Do you pay as much attention to a quality music listening experience as you do a quality performing experience?
You might be serious about wanting to get into recording or mixing OR you might just want a better music listening experience at home – whatever the case, these tips are for you.
They come from Graham Cochrane – a freelance recording and mix engineer living in Tampa, Florida and founder of TheRecordingRevolution.com, one of the world’s most loved audio recording and mixing blogs with over 200,000 readers each month.
Graham, If you were going to give a class called Room Acoustics 101 – what would be the one tip you would like to emphasize above all others?
More important than how you “treat” your walls or what materials you use is where you place your speakers. You want to create a balanced sweet spot for your mixing position.
Example of an acoustic treatment fail – in a small studio space
Putting your speakers right up against a wall.
Another example of a fail!
Putting your desk setup in the corner.
What one should know about room acoustics in a small home space they want to use as their mixing location.

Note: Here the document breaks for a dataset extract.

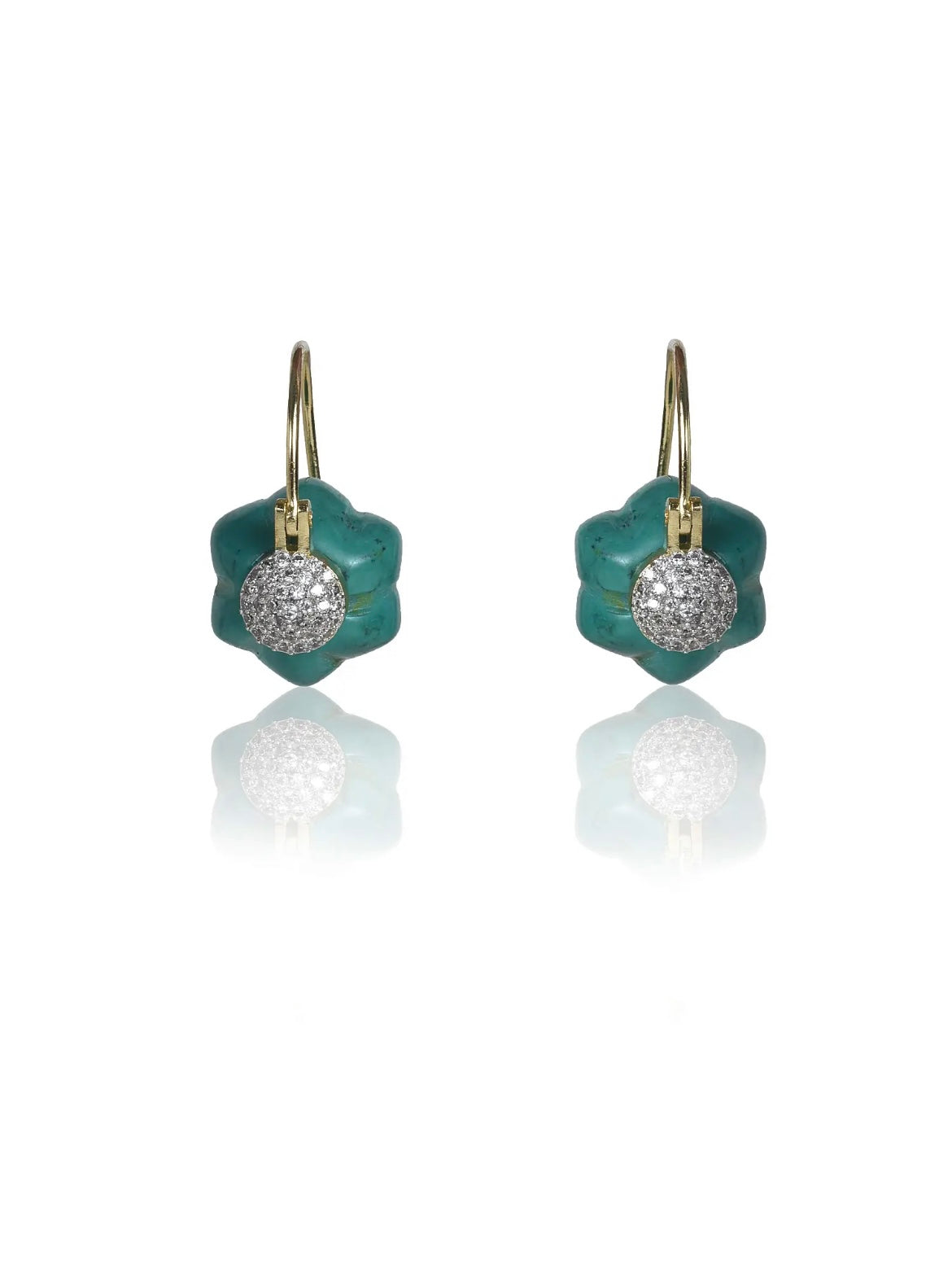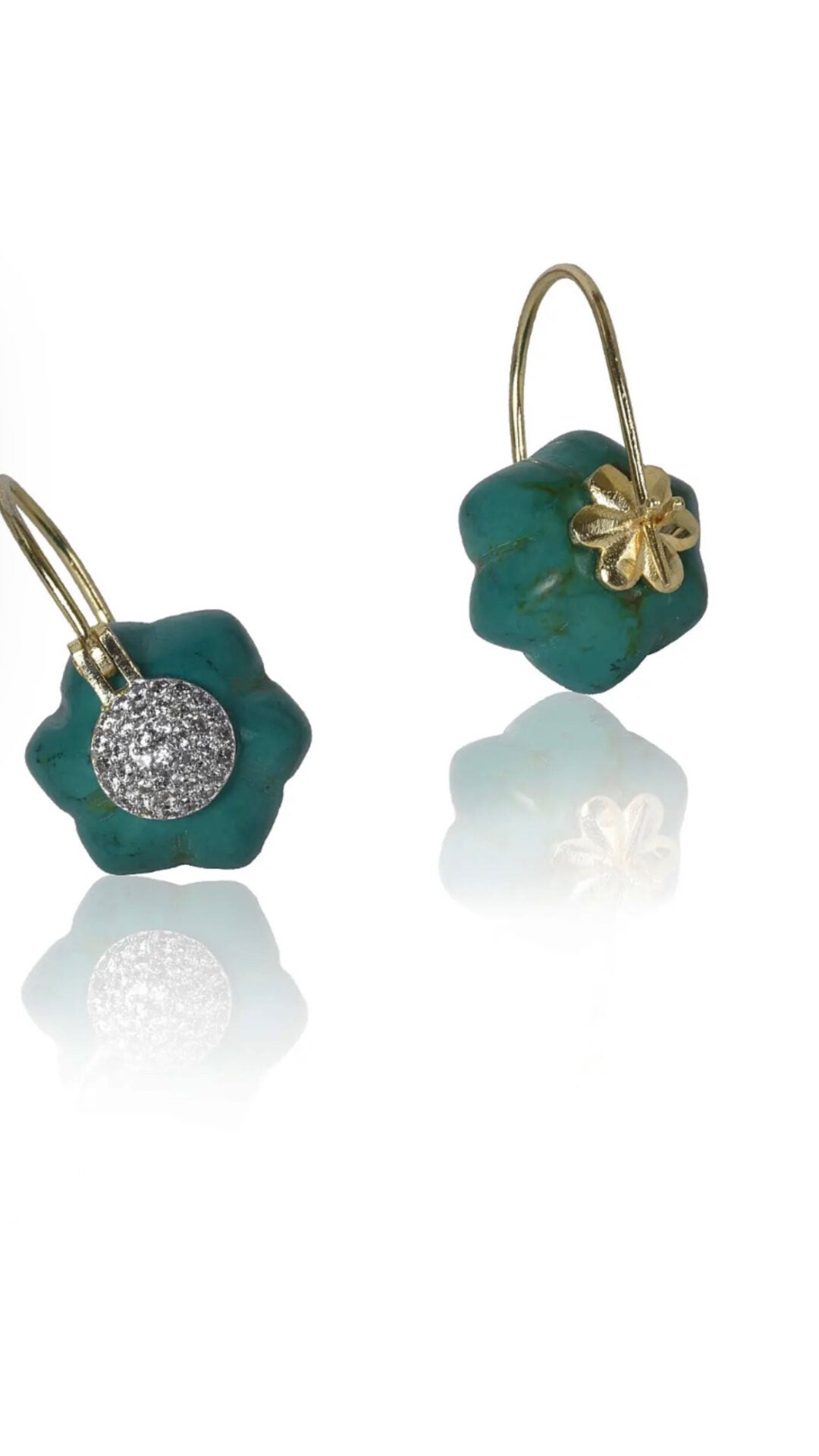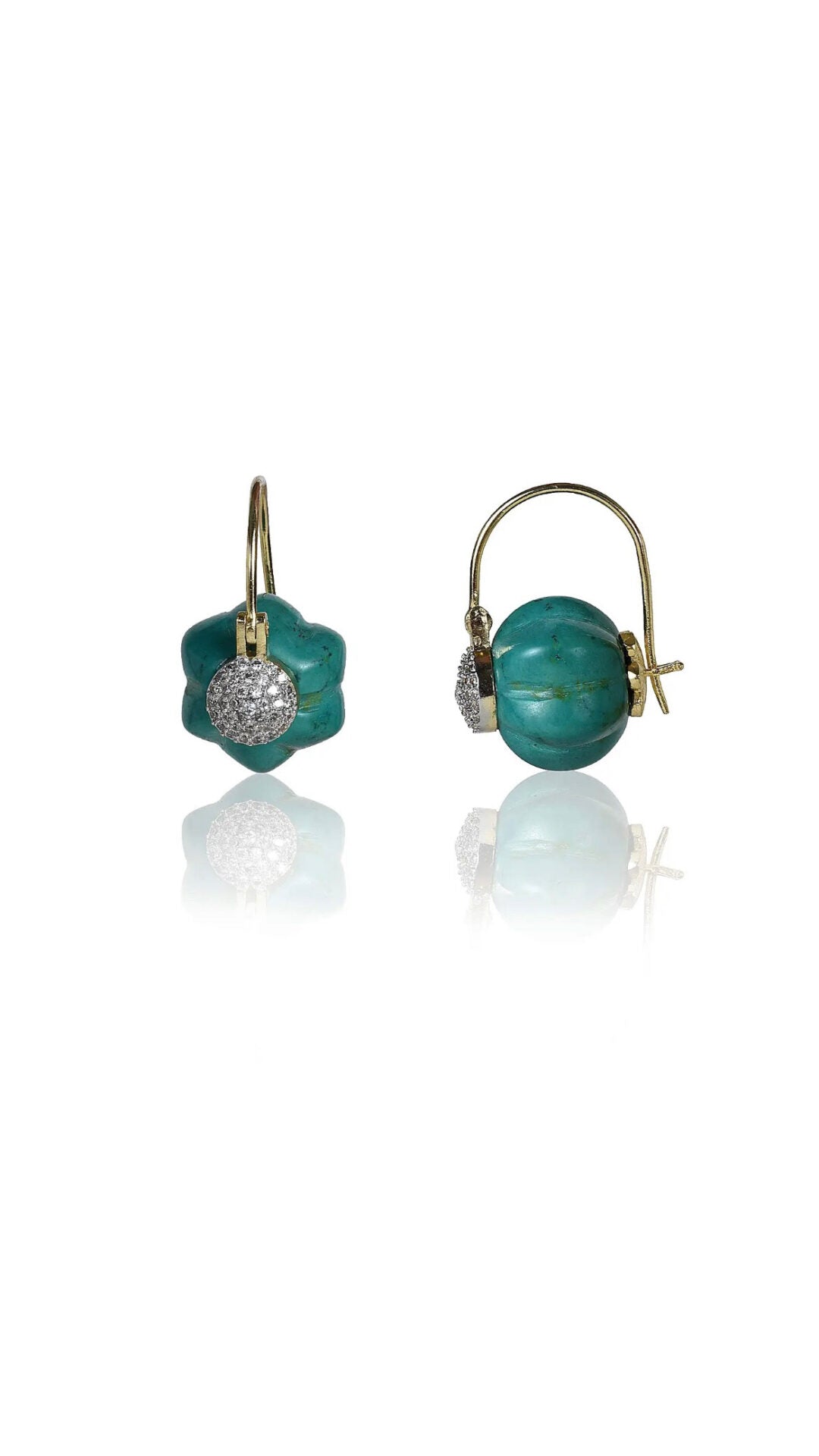 These earrings feature sculpted turquoise pumpkin shaped charms adorned with a sparkling pavé-set cz. Suspended from sleek gold hooks, they add a touch of modern elegance to any look.

The best thing I could say is move your desk so that it is centered against a wall. Then make sure your speakers are at least one foot away from the wall and corners. Create an invisible triangle with your two speakers and your ears, with each side of the triangle being the same distance.
Why is this the way to go?
This setup will give you even reflections on the left and right of your listening position as well as a focused sweet spot for you to sit and hear the stereo image at its best. If you can put up some absorption type panels directly to the left and right of your listening position that will help minimize the first angle reflections and clean up your stereo image even more.
I’m listening to music in a small room on some great monitors – I’ve got carpet on the floor, but things are still pretty “boomy” – what can I do?
The best thing you can do with your monitors (beside get the placement right like we’ve discussed) is to simply turn them down. Grab your output volume knob and turn that puppy down to a pretty quiet level – one at which you can mix but still have a casual conversation with someone next to you without having to raise your voice. This minimizes room reflections (and potential boominess) and helps you hear what is really coming out of your speakers.
Top tip on acoustic treatment for recording drums
You can get away with very little treatment when it comes to drums. Just use a drum overhead mike technique that is relatively close to the kit and not too close to the ceiling.
Top tip on acoustic treatment for recording guitars
Close mic with a dynamic microphone and you won’t have any problems.
Top tip on acoustic treatment for recording vocals
Move to the center of your room, get about 6 inches to a foot away from the mic, and aim the back of the mic at your most reflective surface.